I've been puzzling for weeks about which band I wanted to kick off Scottish Sundays with. Big Country, the band that ruled my late teenaged years? Pilot, whose hit "Magic" inspired me during the magical Spring of 1975? The Cocteau Twins? Pre-sellout Simple Minds?
Then it occurred to me that there's only one place to begin: the all-time subversive classic, the film they couldn't ban, The Wicker Man.
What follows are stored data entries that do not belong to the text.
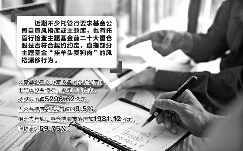 據證券時報記者瞭解,繼前期監管部門針對基金風格偏離做“窗口指導”後,近期,不少託管行要求基金公司自查“風格庫”或“主題庫”,也有託管行檢查主題基金前二十大重倉股是否符合契約約定,直指部分主題基金“掛羊頭賣狗肉”的風格漂移行為。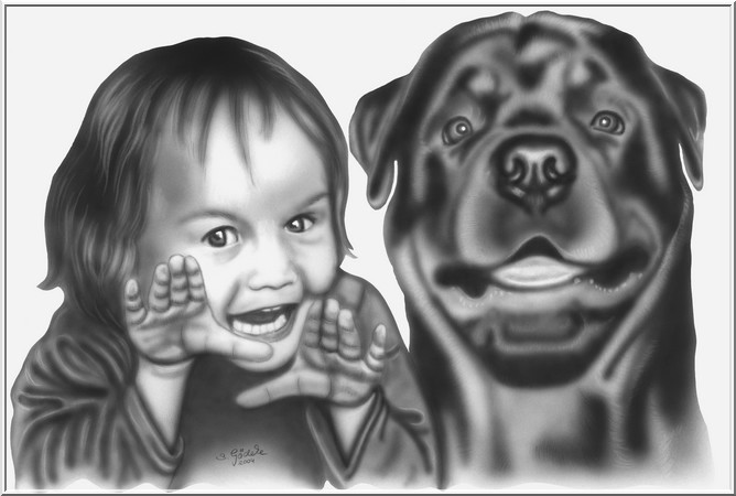 Gemeinschaftsportrait auf weißem Reinzeichenkarton (30x42 cm) Technik: Airbrush, Detailausarbeitung mit Buntstift, Lichter radiert (Auftragsarbeit)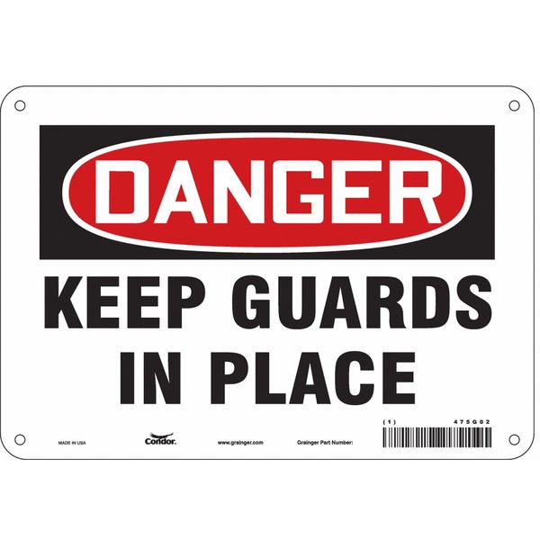 Safety Sign, 7 in Height, 10 in Width, Aluminum, Vertical Rectangle, English, 475G02SKU G5638101Categories SafetyDescription Safety Sign, Vertical Rectangle, Number of Printed Sides 1, English, Sign Format Traditional OSHA, Sign Legend Keep Guards In Place, Sign Legend Background Color White, Sign Legend Style TextgraingerSKU: 475G02, mscSKU: , zoro_no: G5638101, mongo_id: 65bbe98822d7a989a9960a64

The more I watch this film the more dangerous I realize that it is, and the more I realize why the powers-that-be were so eager to suppress it, going so far as to bury the negative under the asphalt of a highway. I start to (strongly) suspect that the roundly-hated remake of the film was no homage, rather a deliberate effort to discredit and tarnish the reputation of the original. Given all of this drama, it almost pains me to note that none of the stars of the film are themselves Scottish!
And on the heels of all the Hathor symbolism we've been looking at, what else but this ritual to the goddess of love and music and drink could be culled from that epochal film?
This scene features Wicker Man soundtrack composer, the Italian-American (!) Paul Giovanni singing the lead.
Aside from acting as the setting of The Wicker Man, Scotland is the land of the Templar Diaspora, Rosslyn Chapel, the Edinburgh Beltane Festival, and a whole host of shamanic musicians whose work will be celebrated here in the weeks to come.